Valve helps players and admis connect.

You can always tell who cares more for their customers and Valve is one caring developer and publisher. You know the one's who always seem to release fixes rather quickly, offer tools that actual help and provide support long after a game is released.

They have come up with a very cool way to help rank TF2 servers so you, the client can find the better ones.
After kicking around some proposals, we came up with a simple system built around the theory that player time on a server is a useful metric for how happy the player is with that server. It's game rules agnostic, and we can measure it on our steam backend entirely from steam client data, so servers can't interfere with it. We already had this data for all the TF2 servers in the world, allowing us to try several different scoring formulas out before settling on this simple one that successfully identified good & bad servers:

  • New servers start with a score of 0 points
  • Each time a player connects to a server, it loses 15 points
  • For each minute the player stays on the server, it earns 1 point (up to a max of 45 points per player)

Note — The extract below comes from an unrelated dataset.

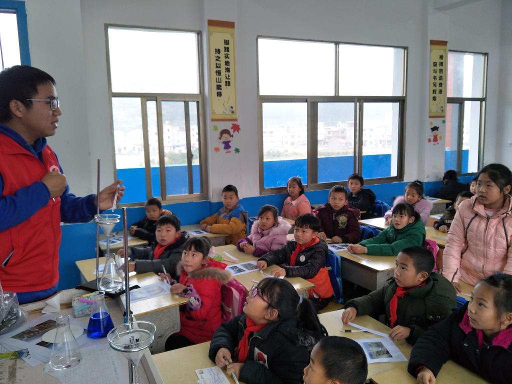 “经过滤纸和活性炭粉末过滤的脏水是不是变干净了呢!”,2019年12月30日下午,水利工程学院大禹之子青年志愿者协会的志愿者们走进邵阳市新宁县水庙镇中心小学,为同学们上了一堂生动的环保课。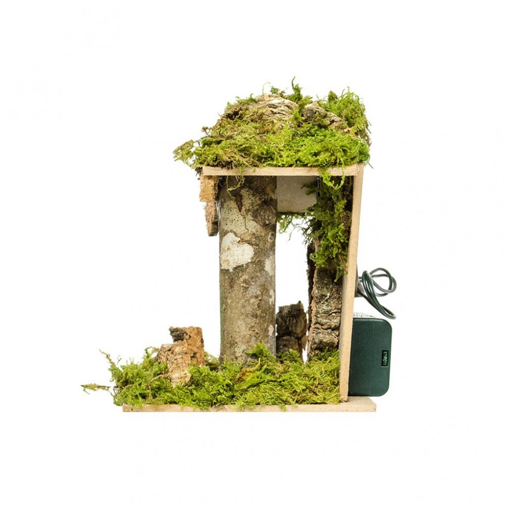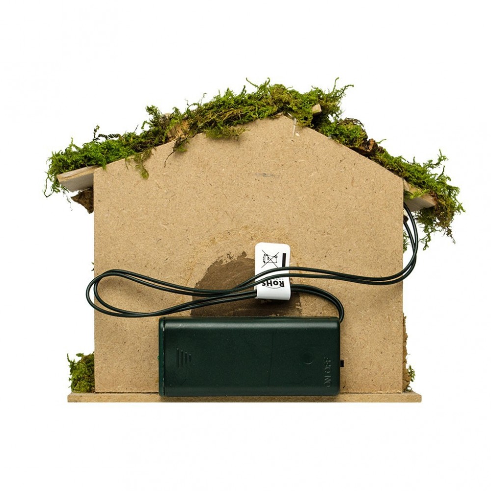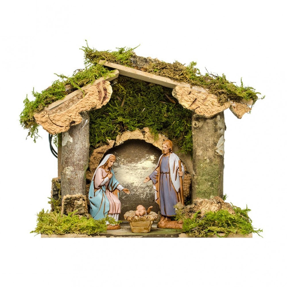 Capanna per la Natività del Presepe da 6,5 cm. Questa capanna è realizzata in legno e sughero naturale, con l'aggiunta di muschio. E' dotata di una lampadina collegata a due batterie stilo da 1,5 v. Ideale per il presepe da 6-6,5 cm.

In short, servers that have lots of players joining & leaving rapidly will score badly. Servers that consistently have players join and stay on for long periods of time will score well.

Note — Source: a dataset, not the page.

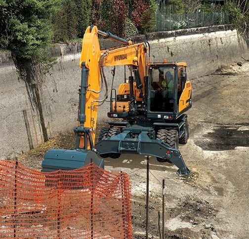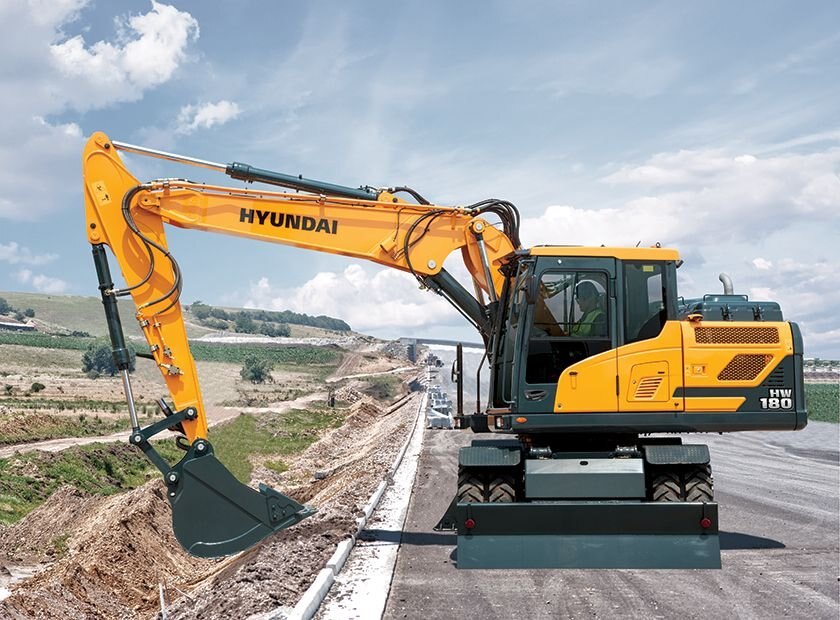 | The Hyundai wheeled excavator product line includes three HW series models and one 9A series compact model to give you an edge in a wide range of on-road and off-road applications. These Tier 4-Final-compliant wheeled excavators deliver improved performance, increased fuel efficiency, superior travel speeds on the road, an enhanced cab and added safety features. |

I guess they have a money tree and can turn coal into diamonds to support the 500K employees that is needed to provide quality support for all their games and services over a long periods of time... wait, you mean they don't have that many people working for them? How the hell do they do it? You say a passion for their games and a lot of , what do they call it... oh it's called talent. Who would have thought that, surely not 98% of the other game devs out there.